Brady, the Super Bowl's most valuable player in 2002 and 2004, is 9-0 in the playoffs, and for a second straight Super Bowl he had a lot of help. A year ago, Deion Branch caught 10 passes for 143 yards in the Patriots' 32-29 victory over Carolina. On Sunday night, the 5-foot-9 wide receiver was equally effective, with 11 catches for 133 yards, tying a Super Bowl record for receptions on a cool, clear evening when New England's defense also forced four Philadelphia turnovers. A third MVP award was not in the cards for Brady, though, who was trying to join Joe Montana of the San Francisco 49ers as the only three-time winner. Branch was named this game's MVP.
That success has made swagger synonymous with Boston, what with the Patriots winning the Super Bowl last February, the Red Sox winning the World Series in October and the Patriots making a victorious return to the Super Bowl. Only Pittsburgh, in 1979 and 1980, had given fans two Super Bowls, with the Steelers, sandwiched around a World Series victory by the Pirates.
Thousands of fans from Boston and Philadelphia headed for this northern Florida city in hopes of securing a ticket for the event, making it even more of a scalper's market. Each team only received 17,500 tickets for the game, and both distributed them through a lottery system to season ticket holders.

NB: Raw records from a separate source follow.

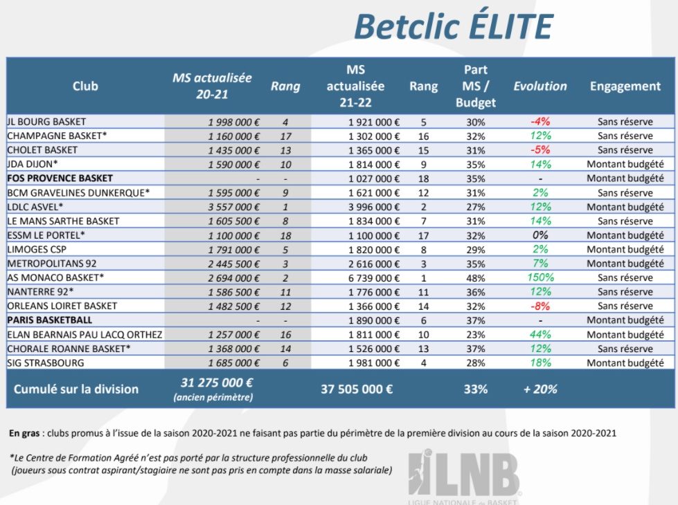 Basket – Le détail des budgets et masses salariales en Betclic Elite et Pro B pour la saison 2021-2022
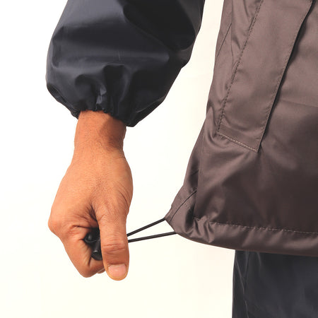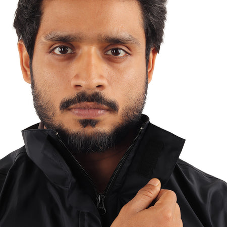 - Each garment is stitched with stitch class 300 and all exposed seams are sealed with sealing tape making the garment water proof.
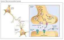 ADHD presents with reduced size, functional connectivity and activation[40] as well as low noradrenergic and dopaminergic functioning[41][42] in brain regions and networks crucial for executive functioning and self-regulation.[40][43][44] Typically, a number of genes are involved, many of which directly affect brain functioning and neurotransmission.[40] Those involved with dopamine include DAT, DRD4, DRD5, TAAR1, MAOA, COMT, and DBH.[45][46][47] Other genes associated with ADHD include SERT, HTR1B, SNAP25, GRIN2A, ADRA2A, TPH2, and BDNF.[48] A common variant of a gene called latrophilin 3 is estimated to be responsible for about 9% of cases and when this variant is present, people are particularly responsive to stimulant medication.[49] The 7 repeat variant of dopamine receptor D4 (DRD4–7R) causes increased inhibitory effects induced by dopamine and is associated with ADHD. The DRD4 receptor is a G protein-coupled receptor that inhibits adenylyl cyclase. The DRD4–7R mutation results in a wide range of behavioural phenotypes, including ADHD symptoms reflecting split attention.[50] The DRD4 gene is both linked to novelty seeking and ADHD. The genes GFOD1 and CDH13 show strong genetic associations with ADHD. CHD13's association with ASD, schizophrenia, bipolar disorder, and depression make it an interesting candidate causative gene.[51] Another candidate causative gene that has been identified is ADGRL3. In zebrafish, knockout of this gene causes a loss of dopaminergic function in the ventral diencephalon and the fish display a hyperactive/impulsive phenotype.[51]
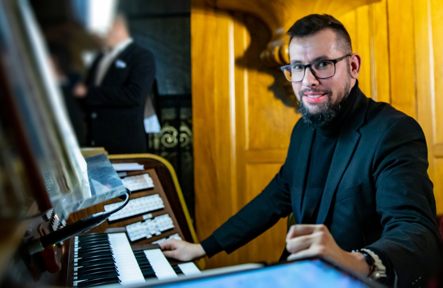 Az ő nyomdokán halad s fejlődik orgonistánk, Gábor, kinek tehetségét a koncerten elhangzó orgonaművekkel hallhatjuk.
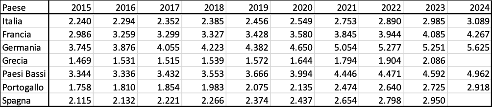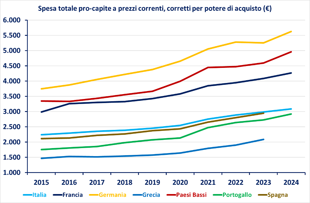 In questo contributo si propongono alcune delle informazioni disponibili in proposito, per Italia, Francia, Germania, Grecia, Paesi Bassi, Portogallo e Spagna (cioè i paesi considerati nella relazione della Corte), per il decennio 2015-2024, per la spesa a prezzi correnti (cioè che non tengono conto dell’inflazione) però corretti per il potere di acquisto (altrimenti il confronto tra nazioni sarebbe del tutto discutibile), sul presupposto da una parte che i dati riportati nella relazione della Corte dei Conti siano corretti (del che non si dubita ma un po’ di prudenza è sempre meglio metterla sul tavolo quando i sistemi informativi sono diversi), dall’altra che siano affidabili (soprattutto per quanto riguarda i valori della spesa privata), e dall’altra ancora che i confronti numerici tra nazioni europee non siano sostanzialmente influenzati da fattori (ad esempio: locali) di cui la Corte non ha tenuto conto nel momento in cui ha pubblicato i suoi dati.
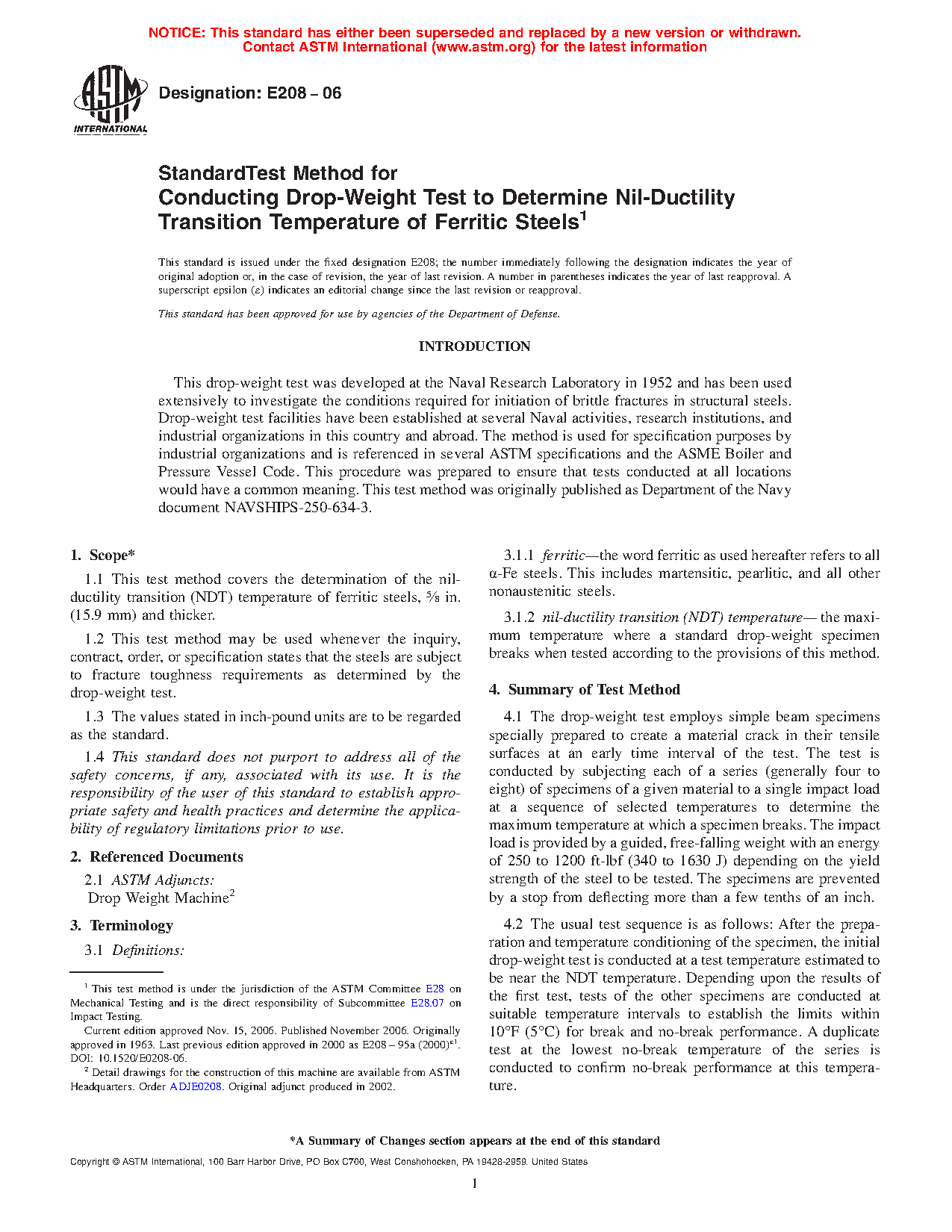 1.1 This test method covers the determination of the nil-ductility transition (NDT) temperature of ferritic steels, 5/8 in. (15.9 mm) and thicker.

Eagles fans appeared to outnumber Patriots fans. Playing in the Super Bowl for the first time in 24 years, the Eagles were trying to win their first NFL title since 1960 and the city's first in any sport since 1983. The Philadelphia 76ers were the last to win a pro title, winning the National Basketball Association championship in 1983. That is the longest drought of any city with teams in all four major North American team sports.
The only suspense of Super Bowl week had surrounded the Eagles and their stellar receiver, Terrell Owens. Acquired from the San Francisco 49ers to help the Eagles get to the Super Bowl, Owens had been sidelined since injuring his ankle on Dec. 19 and undergoing surgery. Playing against his surgeon's advice, he caught nine passes for 122 yards, including one for 36 yards.
"My hat goes off to the New England Patriots," Owens said. "We're a good team. It was a hard-fought ball game. . . . Anybody knows you can't win with turnovers. We just didn't take care of the ball. We made too many mistakes."
Still, the Eagles were close until the very end. The Patriots had to recover an onside kick late in the fourth quarter and have Rodney Harrison intercept a pass with nine seconds left to preserve a victory that had gotten far closer than Belichick would have preferred when the Eagles' Greg Lewis caught a 30-yard touchdown pass with 1 minute 48 seconds left in the game.
But close wasn't enough against this dynasty.